Why did I go to Berlin?
By Rolando R.
Mexico, Age 15
In nineties when I was living in Querétaro, I saw a movie. It was weir. Dialogues were in different languages. I didn’t recognize them. Trying to follow the flow (I tried to fit in that awkward environment) I pretended to understand everything, but I didn’t. In fact, that movie has been the strangest movie I have seen in my life. But I kept it on my mind. I knew someday I would be back to it.
That movie was called “Wings of Desire”, by Win Wenders, a German filmmaker, and two years after, I was taking a movie class, and I had to watch it again, and make a little essay about it. It was exhausted. It’s a complicated movie. One needs to have many historical references to understand it, I used to think. That’s not true.

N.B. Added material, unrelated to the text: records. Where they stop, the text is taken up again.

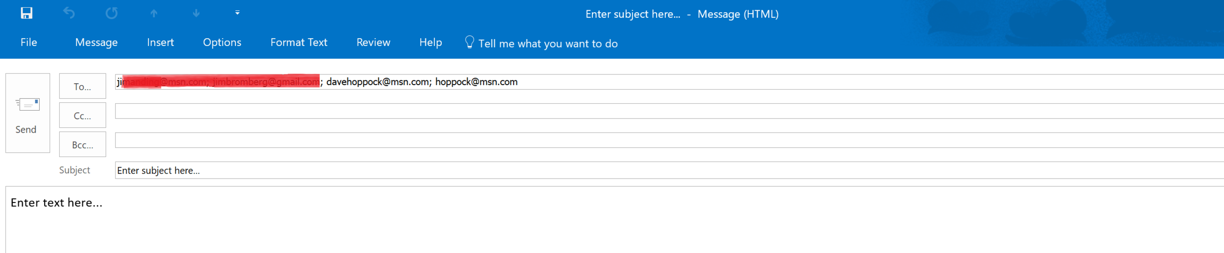 The email addresses from the names selected in the EXTRACT screen can be driven to a new Outlook email.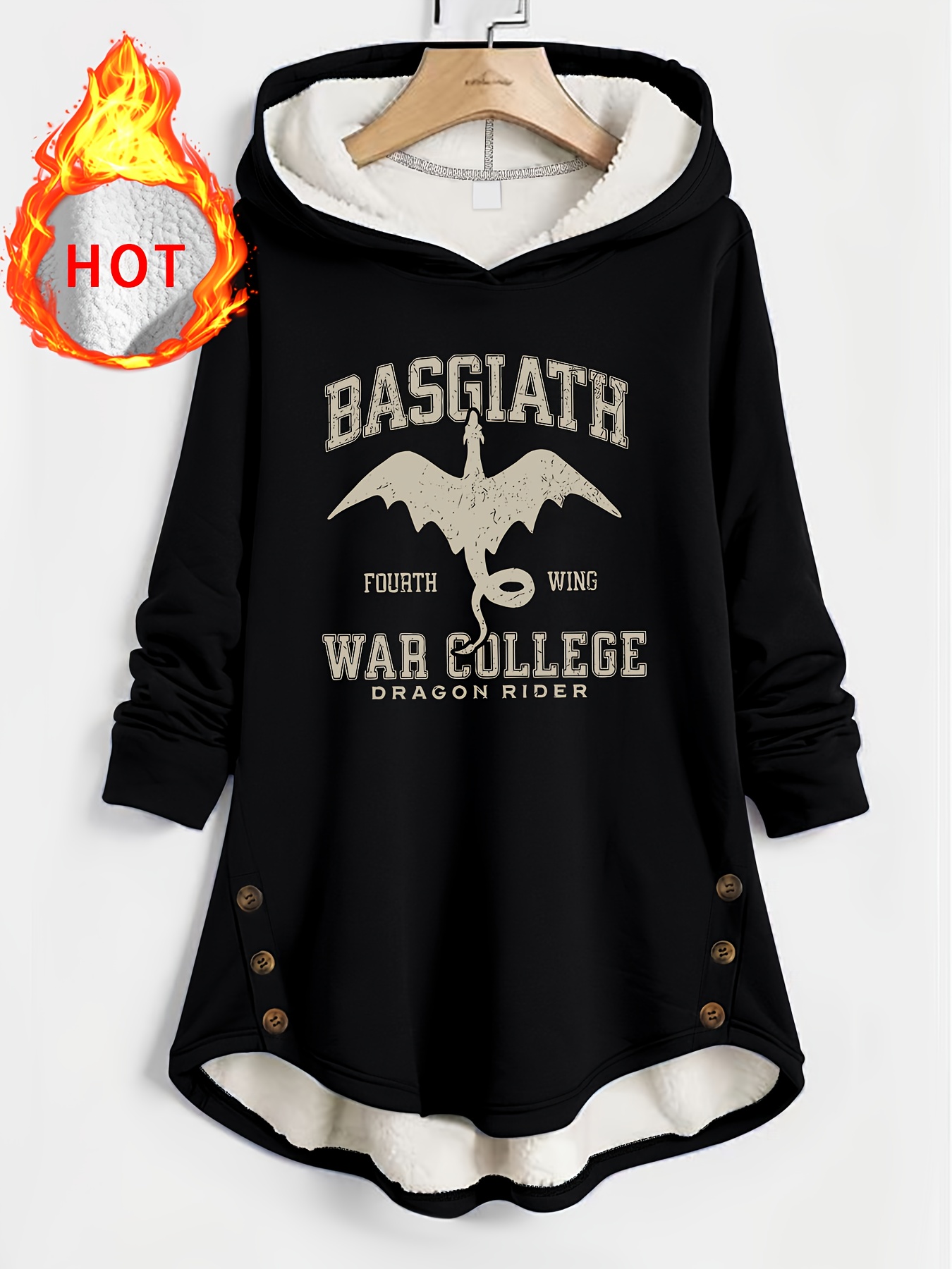 Plus Size - Women'S Plus Size Gothic Fantasy Hooded Coat - Heavyweight Winter Jacket with BSG Winged Dragon Rider Lettering, Lined Hood & Button Closure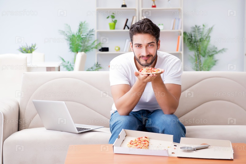 Человек ест пиццу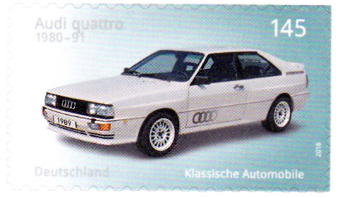 Auch im Erstverwendungsstempel zu der selbstklebenden Marke wird ein Audi quattro abgebildet.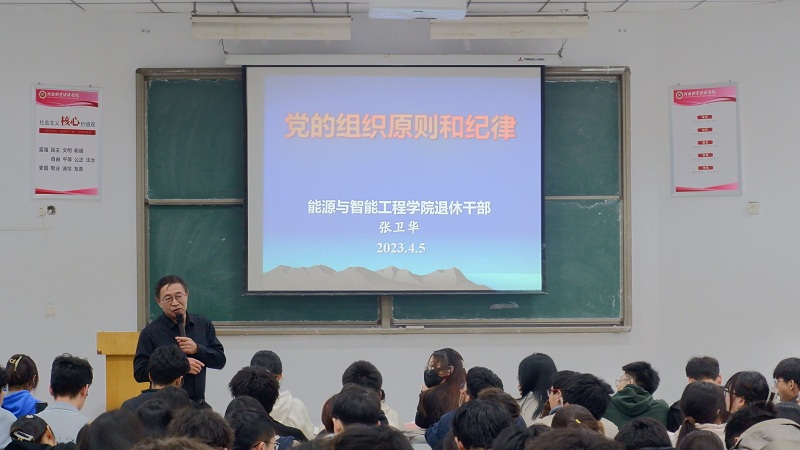 为加强入党积极分子对党的组织原则和纪律的了解,切实提升我院入党积极分子培养教育工作,做好新形势下党员发展工作。能源与智能工程于4月5日19时在北林校区教学楼A500教室开展入党积极分子培训班第十讲——党的组织原则和纪律,本次培训由太阳集团tyc234cc退休干部张卫华主讲。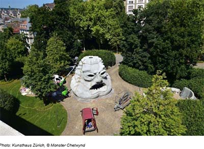 Si quelqu’un a le droit de poser une tête colossale dans le Jardin de l’Art du Kunsthaus Zürich, c’est bien Monster Chetwynd. L’artiste britannique (née en 1973 à Londres, elle vit et travaille à Zurich) est connue pour sa radicalité drolatique, son goût de l’absurde et son humour lourd de sens. Avec ce nouveau travail, elle présente la première commande destinée au Jardin de l’Art du bâtiment Chipperfield: une sculpture dans laquelle il est possible d’entrer, et qui semblera tout droit surgie d’un rêve irréel – ludique, monumentale, ouverte au point d’agacer. Conçue spécifiquement pour ce lieu, cette œuvre accomplira la vocation de ce Jardin de l’Art créé par David Chipperfield.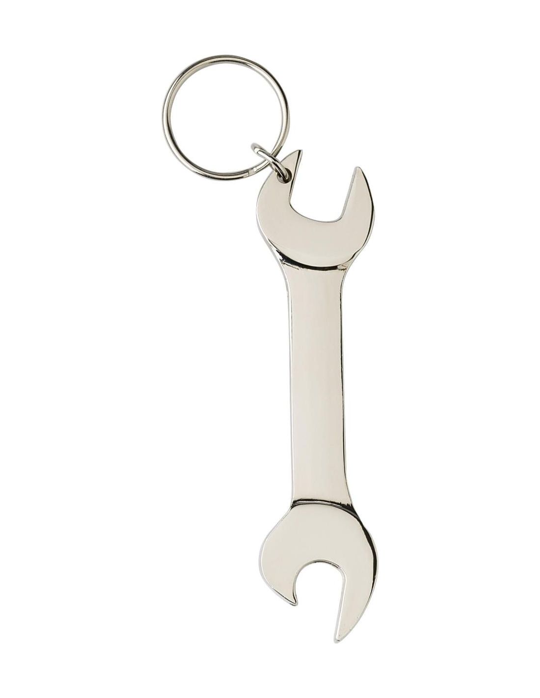 Llavero metálico con forma de llave inglesa y abrebotellas.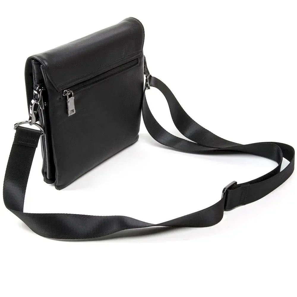 Чоловіча шкіряна сумка-планшет Bretton. Під клапаном додатково закривається на блискавку. Усередині є два відділення, кишеня-перегородка, відкрита кишеня та бічна кишеня на блискавці. На фасаді сумки та на звороті розташовані кишені на блискавці. Регульований плечовий ремінь у комплекті.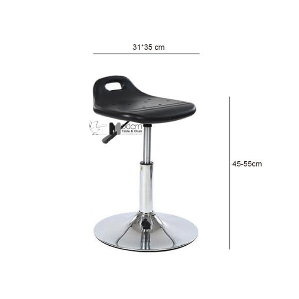 Nệm ngồi ghế xoay tròn tạo sự linh hoạt trong tư thế làm việc, nhờ đó kỹ thuật viên có thể xoay người trái phải thoải mái để lấy đồ vật trong tầm với. Pen ghế nâng hạ 45 – 55 cm nên bạn có thể điều chỉnh chiều cao ghế phù hợp với tư thế ngồi. Mâm chân tiết diện lớn vững chắc không lo bị nghiêng đổ trong quá trình ngồi làm việc.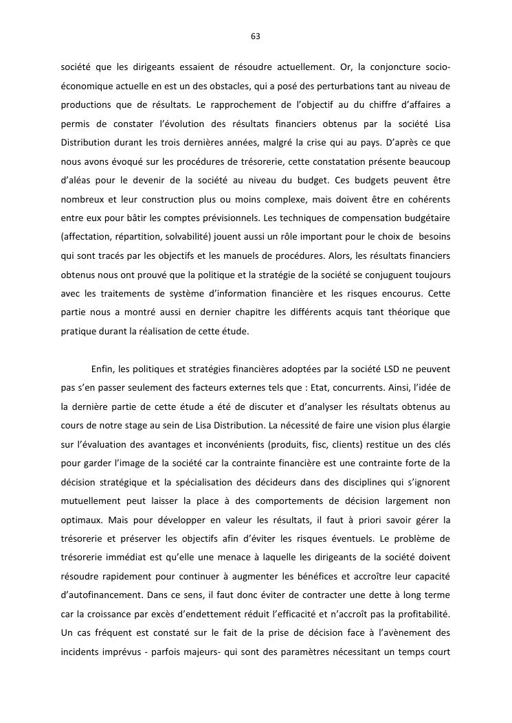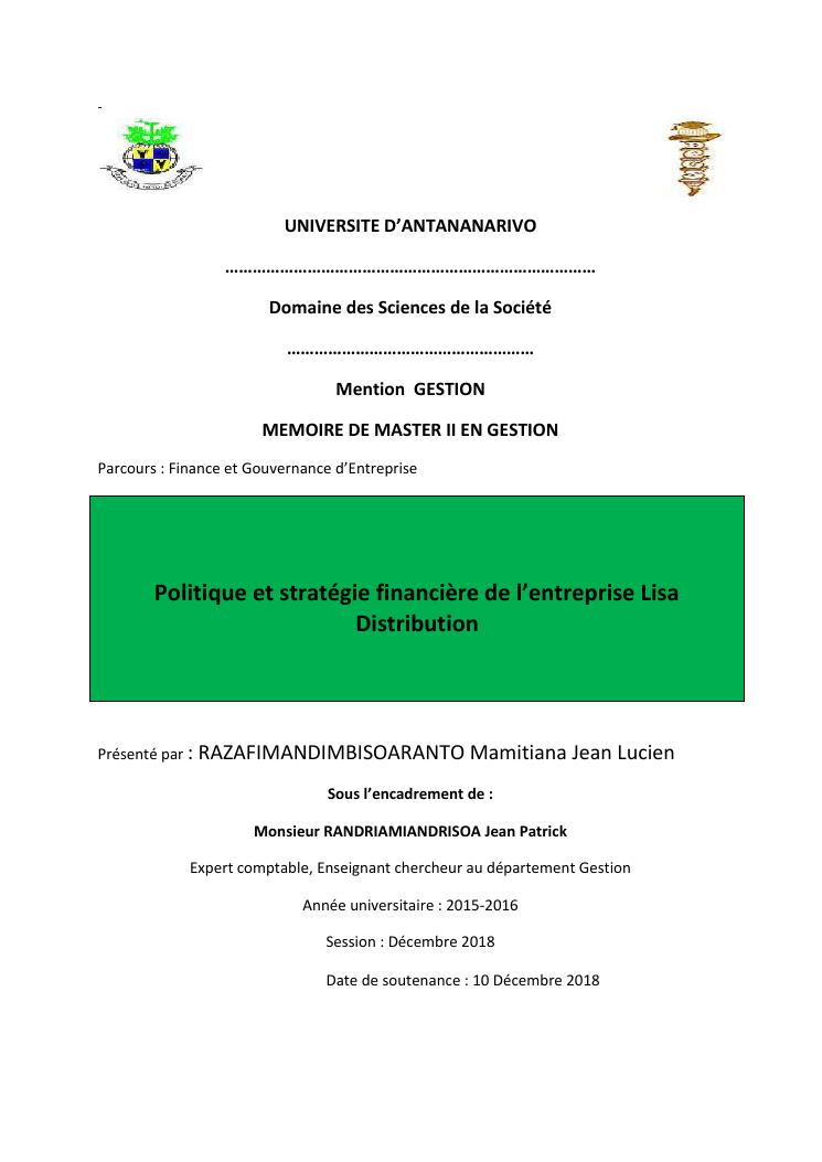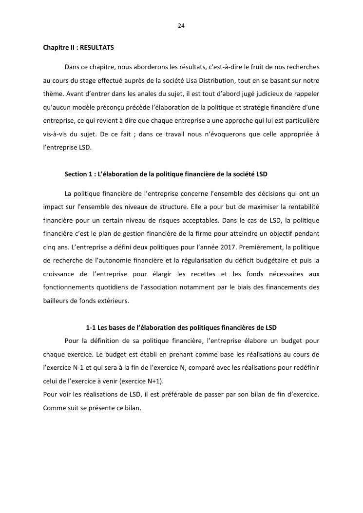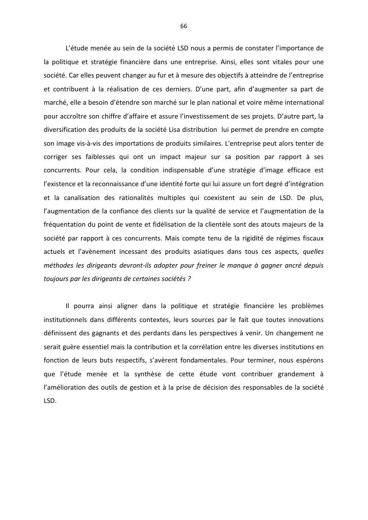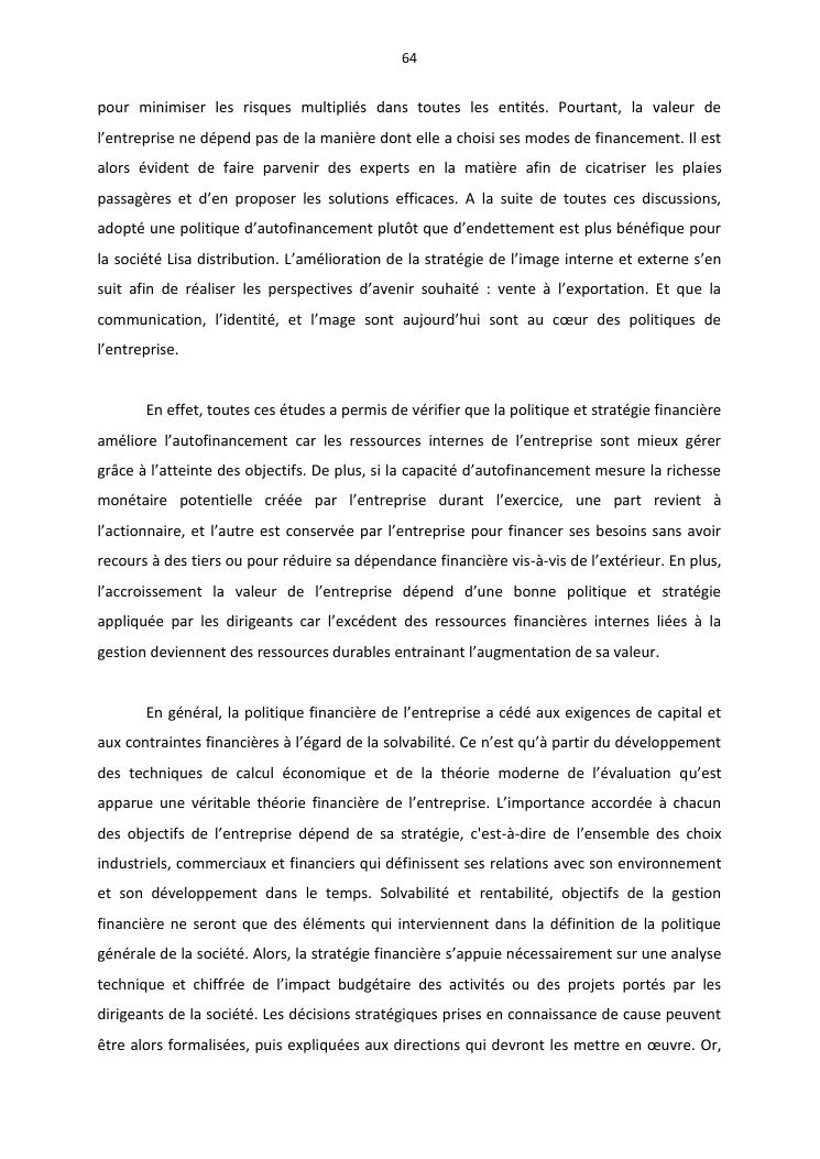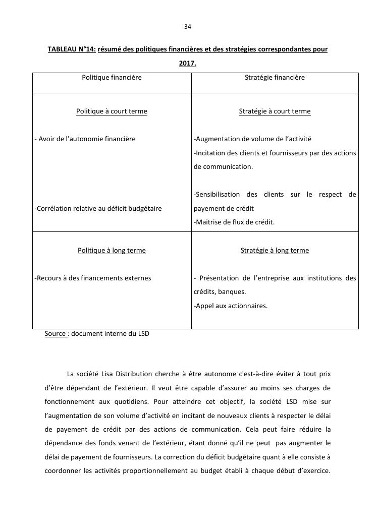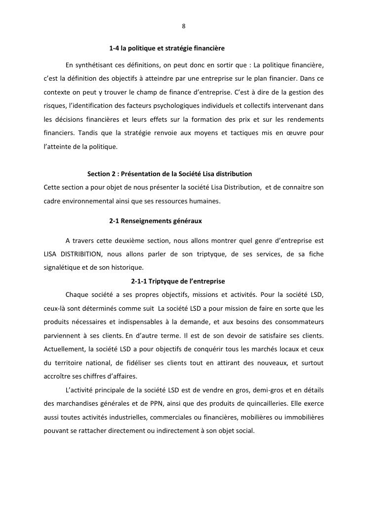 politique et stratégie financière de l'entreprise lisa distribution

What you need to have is stomach, and everything what’s in it: like liver, kidneys, lungs, guts. There isn’t another way to see the movie. Then, I understood why I felt what I felt. Nowadays almost ten years since then, I can see the loneliness of my liver, pouring hopes; I can see the hopeless of my lungs when I try to breath and there’s not air, the air is so infested, that digs in them making holes; I can feel the silence of my kidneys, they are dried, they don’t produce more liquids anymore; I can feel how my guts are walking around in middle of nothing.
I don’t know, but I was lucky in going to Berlin, and I went to the angel, and felt the same loneliness that dragged Bono in the video. The angel is there, alone, looking at the sky, indifferent to me. I could see the wall, Brandenburg’s Gate and its horses, brave horses, like if they were ready to start a race, or a war? Who knows?
That’s why I went to Berlin, in those days where the weather was rainy, and the fog was the wall between me and Berlin.